**THE TASK:**
After locating the line that contains "العالم بشكل مستدام." in the records below, write out exactly that line and each line after it through the one that contains "Q: What surfaces", and nothing else.

**LISTED ENTRIES:**
====================

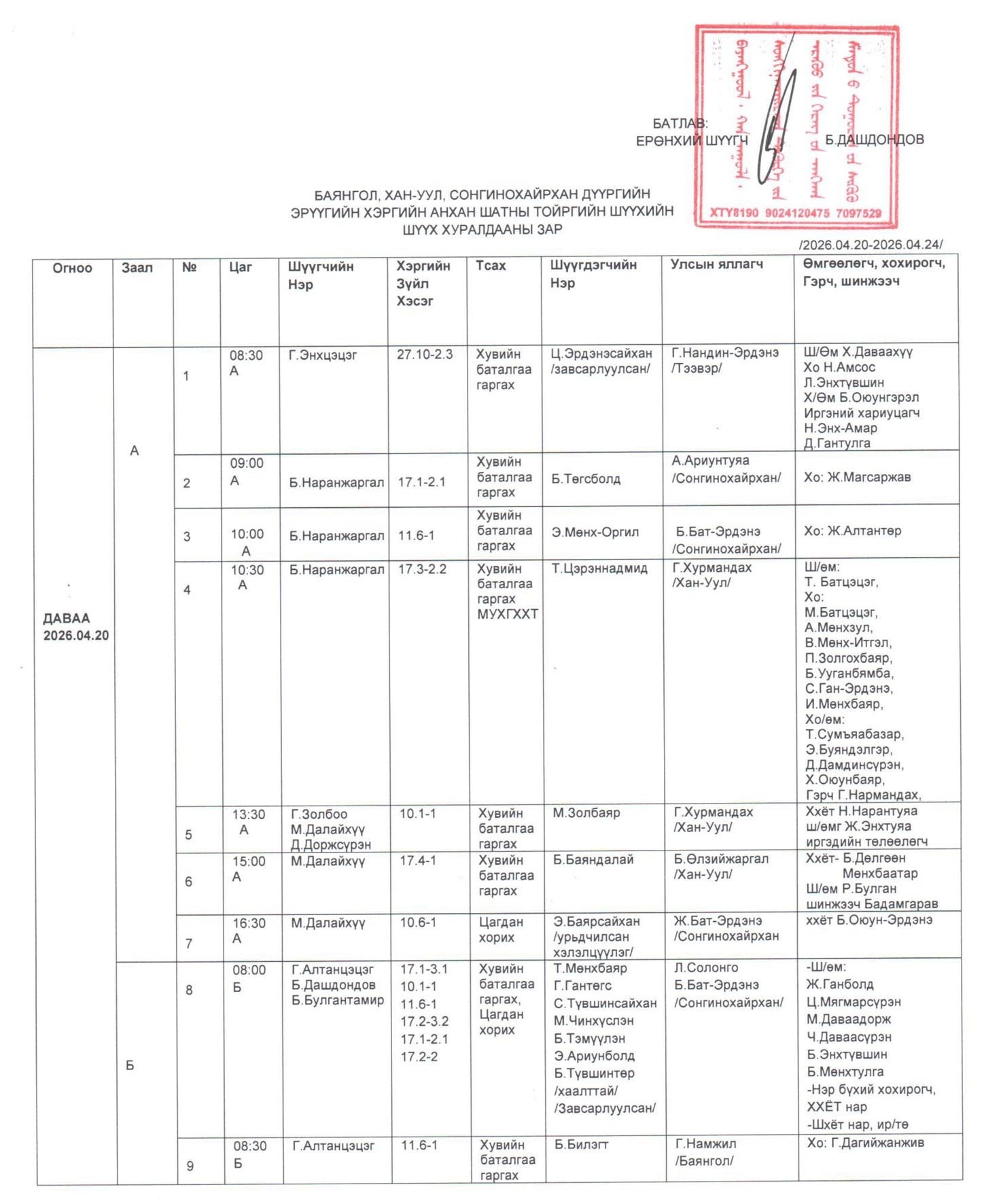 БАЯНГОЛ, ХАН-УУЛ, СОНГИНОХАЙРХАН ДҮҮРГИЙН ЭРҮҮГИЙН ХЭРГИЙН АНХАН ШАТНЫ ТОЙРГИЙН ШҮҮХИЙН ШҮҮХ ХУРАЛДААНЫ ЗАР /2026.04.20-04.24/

====================

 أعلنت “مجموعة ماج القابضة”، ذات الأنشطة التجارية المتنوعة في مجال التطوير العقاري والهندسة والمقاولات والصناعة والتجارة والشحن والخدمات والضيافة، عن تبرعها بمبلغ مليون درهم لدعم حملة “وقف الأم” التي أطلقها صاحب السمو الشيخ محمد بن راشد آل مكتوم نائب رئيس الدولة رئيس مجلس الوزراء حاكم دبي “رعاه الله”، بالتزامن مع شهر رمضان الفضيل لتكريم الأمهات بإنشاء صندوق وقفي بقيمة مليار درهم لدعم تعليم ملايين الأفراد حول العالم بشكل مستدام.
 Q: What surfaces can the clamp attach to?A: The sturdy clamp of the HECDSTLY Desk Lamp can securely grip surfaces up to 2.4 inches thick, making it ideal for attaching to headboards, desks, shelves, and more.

====================

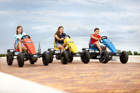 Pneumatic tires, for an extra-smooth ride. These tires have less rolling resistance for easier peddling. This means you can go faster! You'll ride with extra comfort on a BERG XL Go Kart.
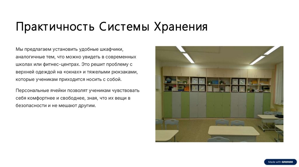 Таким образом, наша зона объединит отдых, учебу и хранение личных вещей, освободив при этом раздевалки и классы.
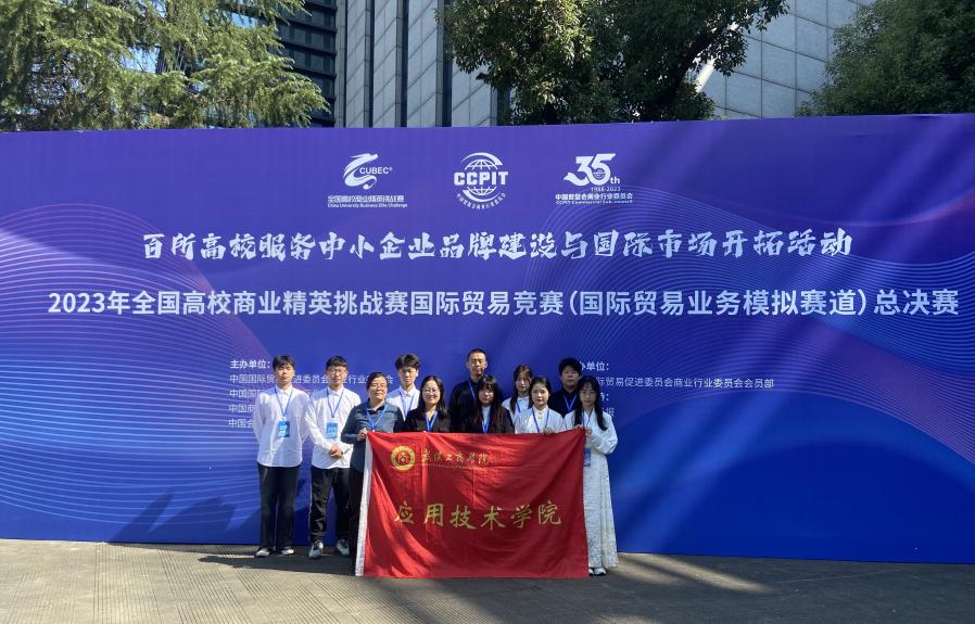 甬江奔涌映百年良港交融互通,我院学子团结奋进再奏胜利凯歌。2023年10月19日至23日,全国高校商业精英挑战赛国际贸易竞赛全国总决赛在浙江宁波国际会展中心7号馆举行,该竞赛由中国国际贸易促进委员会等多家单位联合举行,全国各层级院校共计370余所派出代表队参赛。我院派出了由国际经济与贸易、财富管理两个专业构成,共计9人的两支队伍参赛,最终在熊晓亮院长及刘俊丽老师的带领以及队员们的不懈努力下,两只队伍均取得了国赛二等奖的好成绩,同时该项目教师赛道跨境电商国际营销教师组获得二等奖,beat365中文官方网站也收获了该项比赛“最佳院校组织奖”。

====================

**ANSWER SPACE:**
 أعلنت “مجموعة ماج القابضة”، ذات الأنشطة التجارية المتنوعة في مجال التطوير العقاري والهندسة والمقاولات والصناعة والتجارة والشحن والخدمات والضيافة، عن تبرعها بمبلغ مليون درهم لدعم حملة “وقف الأم” التي أطلقها صاحب السمو الشيخ محمد بن راشد آل مكتوم نائب رئيس الدولة رئيس مجلس الوزراء حاكم دبي “رعاه الله”، بالتزامن مع شهر رمضان الفضيل لتكريم الأمهات بإنشاء صندوق وقفي بقيمة مليار درهم لدعم تعليم ملايين الأفراد حول العالم بشكل مستدام.
 Q: What surfaces can the clamp attach to?A: The sturdy clamp of the HECDSTLY Desk Lamp can securely grip surfaces up to 2.4 inches thick, making it ideal for attaching to headboards, desks, shelves, and more.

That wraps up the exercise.